Interview with Felix Shipkevich of Shipkevich PLLC about the regulatory and legal status of crypto around the world Comments Off on Interview with Felix Shipkevich of Shipkevich PLLC about the regulatory and legal status of crypto around the world 489

Given the recent government pushback against Libra by both France and Germany, investors are worried of a mass action by world governments to ban crypto. We decided to conduct an interview with an expert in the legal field and how it pertains to the crypto landscape, Felix Shipkevich. Felix is a Principal of Shipkevich PLLC, a global law firm specializing in legal and regulatory matters within the digital currency and fintech industries.

How and why are so many governments around the world restricting cryptocurrencies?

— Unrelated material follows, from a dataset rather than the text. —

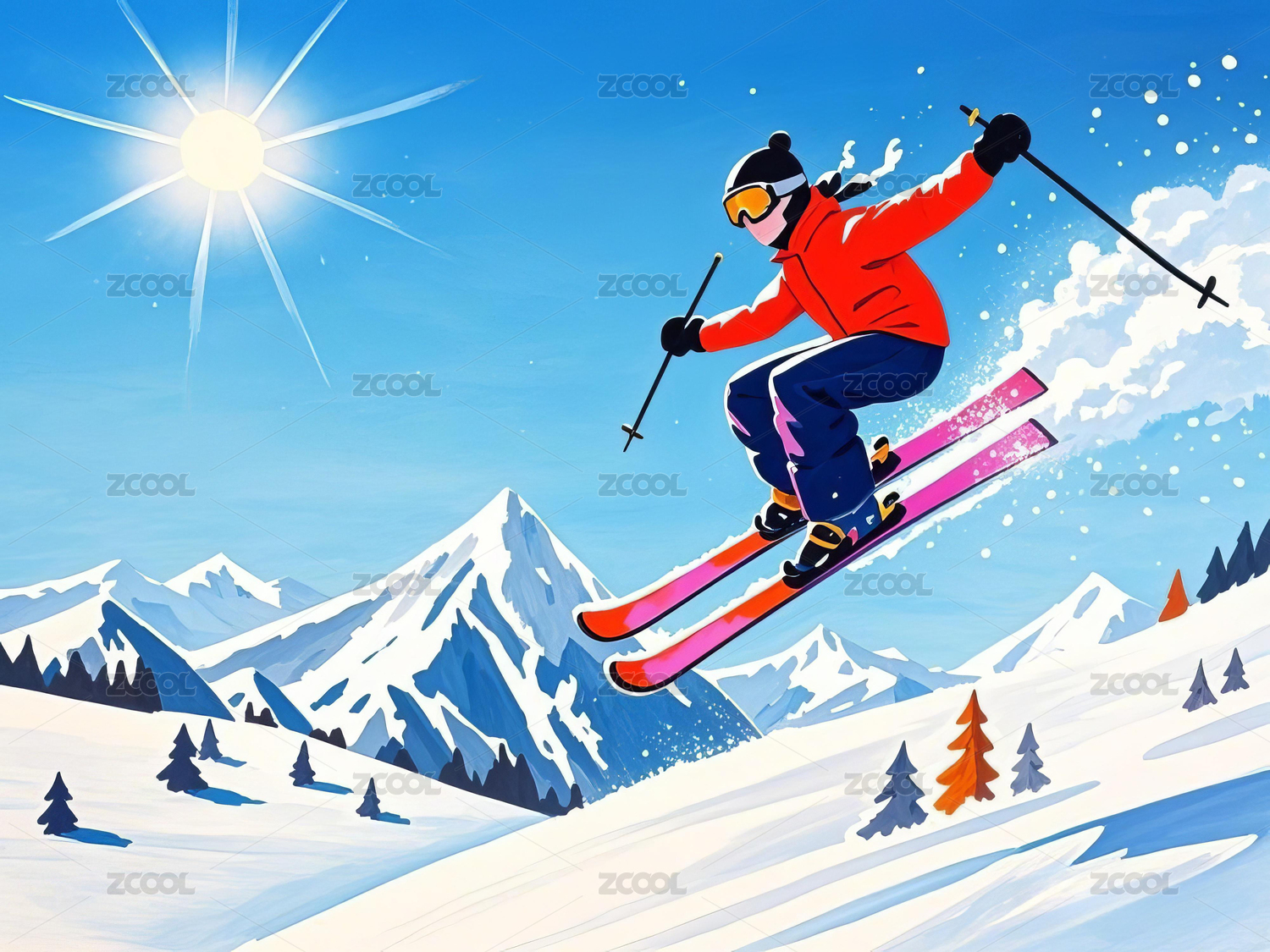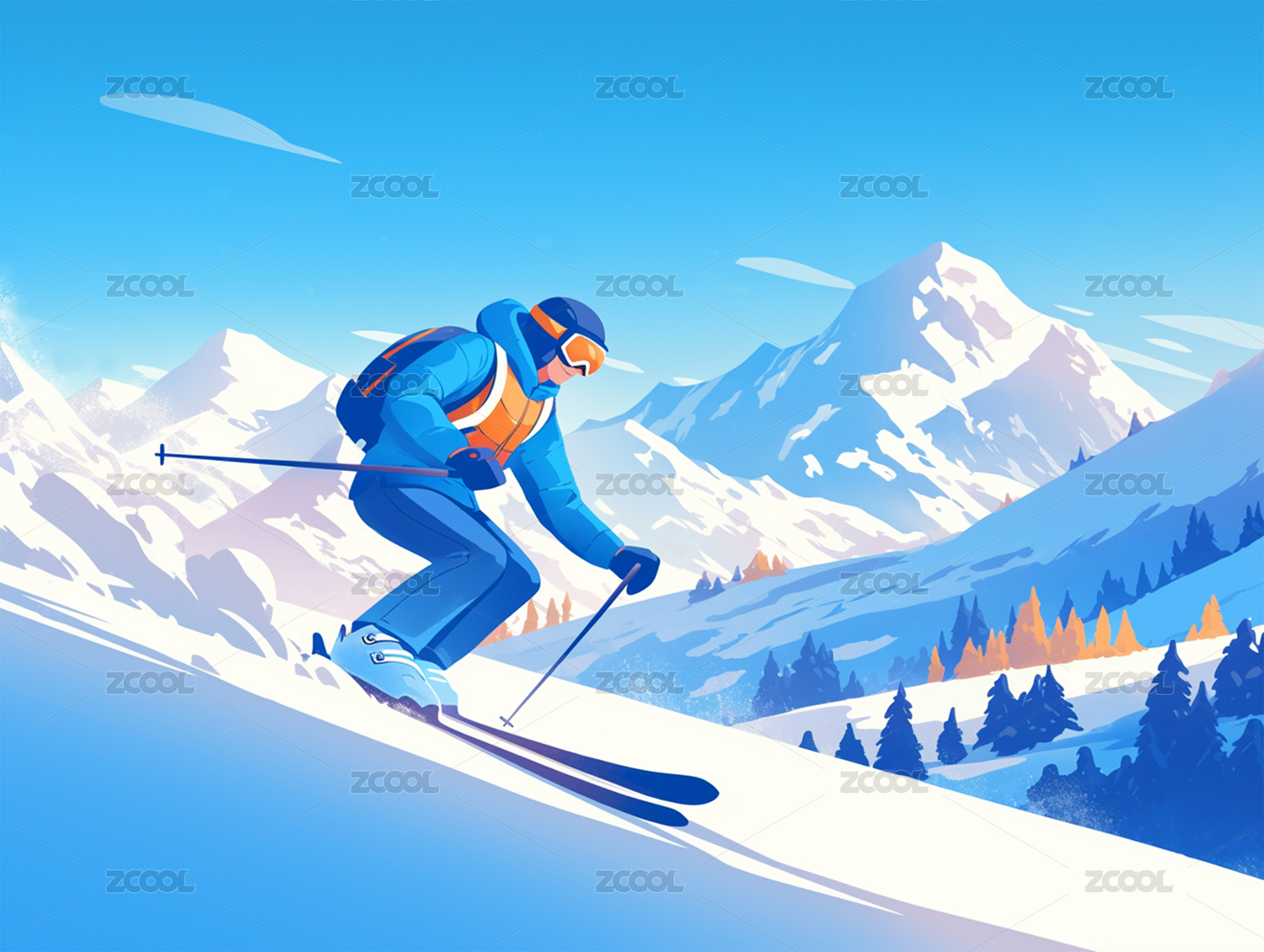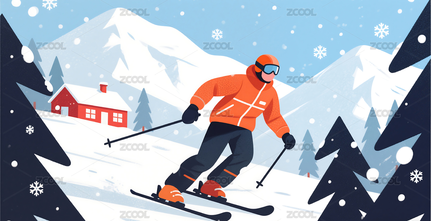 立冬节气冬天滑雪运动假期娱乐冒险活动插画

Cryptocurrency has the power to change the world for the better.  Governments today are restricting and even banning some cryptocurrencies because they are afraid of the effect that a private company can have over monetary sovereignty across Europe. With Libra, Facebook could potentially manipulate economies across the world. That’s why Germany and France– the two countries that were the catalyst for forming the EU back in the 1950s–want to ban Libra.When it comes to regulating fiscal economies, crypto or virtual currencies may result in less demand for the countries’ own local currencies. Governments prefer to regulate their own currencies. Cryptocurrencies’ use growth by consumers may eventually result in reducing the control some governments have over their economies, and particularly over the reserves and inventory of their cash supplies. There will be less ability to collect taxes, prevent fraud from taking place, and regulate financial transactions.

If there’s one thing that any government that wants to control over its own currency. It wants to control its own currency before anything else, including human rights, business issues and legal systems. Without the ability to control its own currency, the transactions within the countries and cross-border payments, governments will become weak.  This is their ultimate fear.

Some experts have expressed warnings that cryptocurrencies such as Facebook’s Libra would shift control of the economy from governments and their central banks, to large corporations. Save for blocking the cryptocurrency, what measures should be implemented to ensure this shift does not transpire?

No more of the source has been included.